# 600W speaker box



## Uruk-Hai (Nov 4, 2006)

So last night I lucked into an awesome score through the local Freecycle. I thought I was just going to pick up some car speakers that I thought I could use for the haunt somehow. Turns out I got a Audiobahn Bandpass Subwoofer box. It looks like it's got 10" or 12" speakers and is rated for 600W. And the best part is I got it for free! Sweeeeet!! There's an amplifier (Kenwood I think) already mounted to the back so I just have to figure out some sort of 12V power supply and how to get the audio to it and I'm all set! I figure I'll run the thunder track for the thunder/lightning through it to really get the neighbourhood rumbling - even vibrate the house windows!

It's going to be awesome!

Hector

PS... just 5 more days to get your haunt photos in for the 2012 Haunted Canada Calendar - so for any Canadian haunters reading this don't miss out!! Full details on my website.


----------



## corey872 (Jan 10, 2010)

Can't beat it for the price. Just hope everything is not blown up!


----------



## Uruk-Hai (Nov 4, 2006)

That's for sure!

I'll post some photos later as I get it set up by here's one so you can see what it looks like.
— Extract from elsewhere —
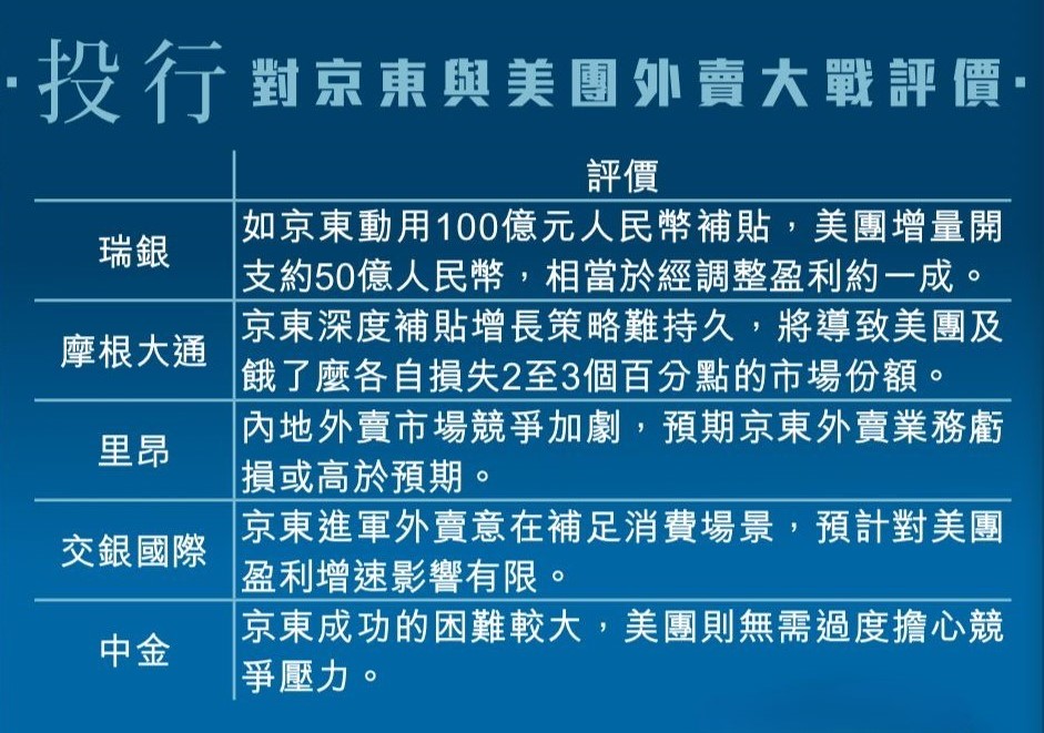 京東今次加入外賣大戰,投行普遍並不看好,大多認為美團在內地外賣行業深耕多年,市佔率相當大,而京東補貼難以持續。瑞銀認為內地外賣業務極具挑戰性,要長期投資,達到一定規模之前難獲盈利,投資回報率極具不確定性,該行估計京東外賣業務每張訂單虧損約七至九元人民幣,全年要投資八十至一百億元人民幣。以京東動用百億元人民幣投資計算,估計美團亦將增加近五十億元人民幣的投資,相當於經調整盈利約一成。

Any advice on how to best power it and get my audio running would be appreciated. Thanks.


----------



## Ryan Wern (Dec 3, 2009)

I used to have that same box a few years ago, around 2003. To get the amperage and voltage the amp needs to run properly (car stereo amplifiers need 14.4v to give you the rated output) use a car battery and charger, just make sure the battery is in a well ventilated area of course. Granted that will only give you 12v because in a vehicle the additional voltage is supplied by the alternator, but the car battery will give you the amperage you need to drive it hard. 120v AC - 12v DC converters do not work that great when you need to really drive these things. Cool find!


----------



## Mortarlover123 (Oct 4, 2009)

*subwoofer amps*


----------



## Ryan Wern (Dec 3, 2009)

Mortarlover123 said:


> Amazon.com: Dayton Audio SA240 240W Subwoofer Amplifier: Electronics
> 
> your probably going to want this one for the aplication that you are using, mainly for the fact it produces lows better than a standard amplifier, it runs off of regular house power, just plug in your red and white audio cables from your mp3 or computer
> Amazon.com: Bash 300W Digital Subwoofer Amplifier: Electronics
> ...


My theory on subwoofer systems is that you should look ahead to what you might do in the future when you choose an amp. For that reason, I would get a 500w amp at least. That way you can expand and not have to worry about being underpowered. The Pyle 1000w would be a good one if it's in your budget


----------



## Uruk-Hai (Nov 4, 2006)

Thanks for all the advice everyone. I'm a total newbie when it comes to car audio so it's a big help! I can look into the various power supplies recommended and see if I want to go that route. I might just end up selling it on Craigslist and getting something more conventional for the thunder track. We'll see. Thanks again.


----------